Using ILM with datastreams makes sense to me. People are definitely going to want to configure age values. Datastreams makes the system more robust and easy to maintain. I'm not sure why someone wouldn't want to use it for something like traces. But some people may still want to use the old way, I dunno.

yurishkuro · 2025-01-18T01:09:50Z

@Manik2708 what if we didn't support any automation or customization? We can include a sample JSON for creating a policy, if people need to customize it they can. The only automation that I think will be useful is if the policy was automatically created when Jaeger starts the first time against empty storage, by using that same JSON file. We can provide an option for a user to override that file as a whole, if they want (they can also edit the policy via ES JSON API, I assume).

Manik2708 · 2025-01-18T05:19:41Z

@Manik2708 what if we didn't support any automation or customization? We can include a sample JSON for creating a policy, if people need to customize it they can. The only automation that I think will be useful is if the policy was automatically created when Jaeger starts the first time against empty storage, by using that same JSON file. We can provide an option for a user to override that file as a whole, if they want (they can also edit the policy via ES JSON API, I assume).

This sounds good! But I have a question, Where are we gonna keep this json file so that user can edit/override that? I am assuming to keep it in factory just like mappings but then it will become difficult for the user to find that file!

(they can also edit the policy via ES JSON API, I assume).

Yes there is an API

yurishkuro · 2025-01-19T19:24:31Z

Where are we gonna keep this json file so that user can edit/override that

It will be in this repository and embedded in the binary. The documentation on the website can link to it, while explaining how to apply that policy against the db.

zzzk1 · 2025-01-22T13:15:59Z

@yurishkuro @Manik2708 I write a doc about how i am try to implement this feature, please see: Jaeger ES data stream proposal thanks.

Manik2708 · 2025-01-22T13:47:41Z

@yurishkuro @Manik2708 I write a doc about how i am try to implement this feature, please see: Jaeger ES data stream proposal thanks.

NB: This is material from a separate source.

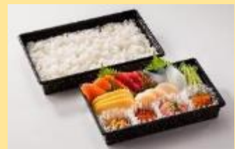
とんでん手巻きセット 1,990円(税別)⇒ 1,791円(税別)
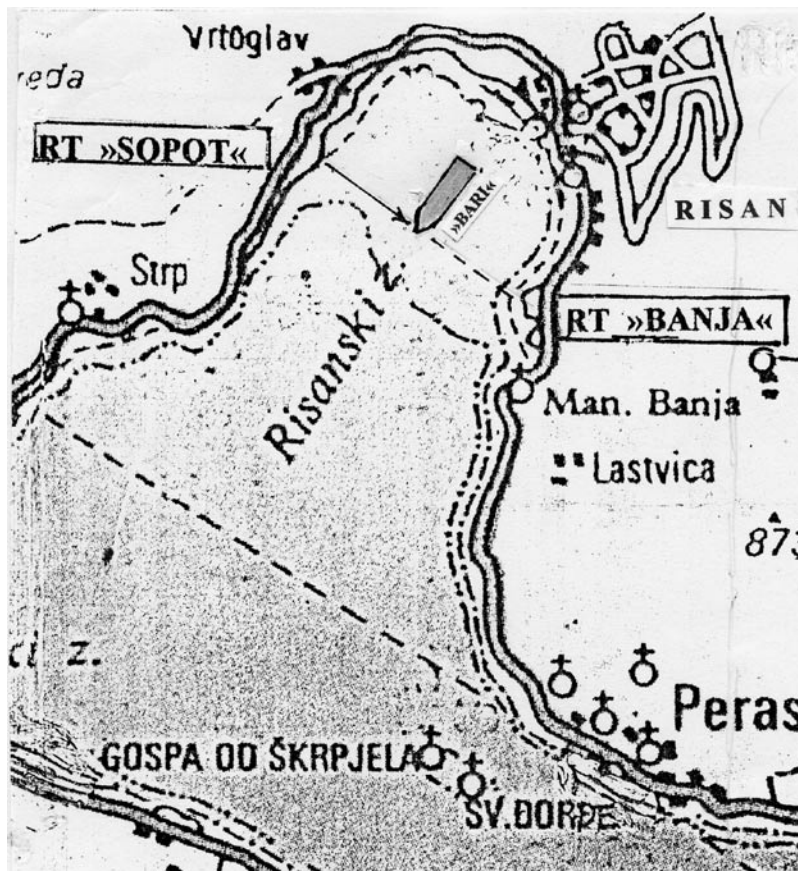
POLOŽAJ ITALIJANSKE KRSTARICE „BARI“ NA SIDRIŠTU U RISANSKOM ZALIVU 1942. GODINE

Things look good to me but some points over it:

We use two clients in ES: Olivere and the v8 client. There is no policy type in olivere but it is present in official client. Everywhere olivere client is used except in creating templates for v8 of ES. Even if we find a way still we can't embed the whole policy struct inside the config. Please see [Feature]: Support elasticsearch data stream #4708 (comment). This seems to be a good approach and later user can even update the policy by using ES APIs.
In OS, there is ISM policy instead of ILM policy so we have to take care of that also (although they are vey similar).
I have been implementing the ILM policy in jaeger and it is currently in E2E testing phase (it's very long PR (1500 lines) so currently testing it strictly) and the question which is always in my mind is that: Jaeger allows mannual installation of templates so what if user has enabled ILM but is installing templates manually? What if those templates (installed by user) become problem for rollover as it might not include policy name or rollover alias. The only solution which I could think of that is if user enables ILM then mannual installation of templates could not be allowed or we have to update the template according to the use of ILM. I think @yurishkuro can help us in this.
Will the policy which you have included in the docs be enough for the datastream? There are many phases and we have to discuss them thoroughly for what can create an effective data stream.
I have researched about ILM but not on data-streams currently but we need to ensure that whatever change we are introducing is backward compatible.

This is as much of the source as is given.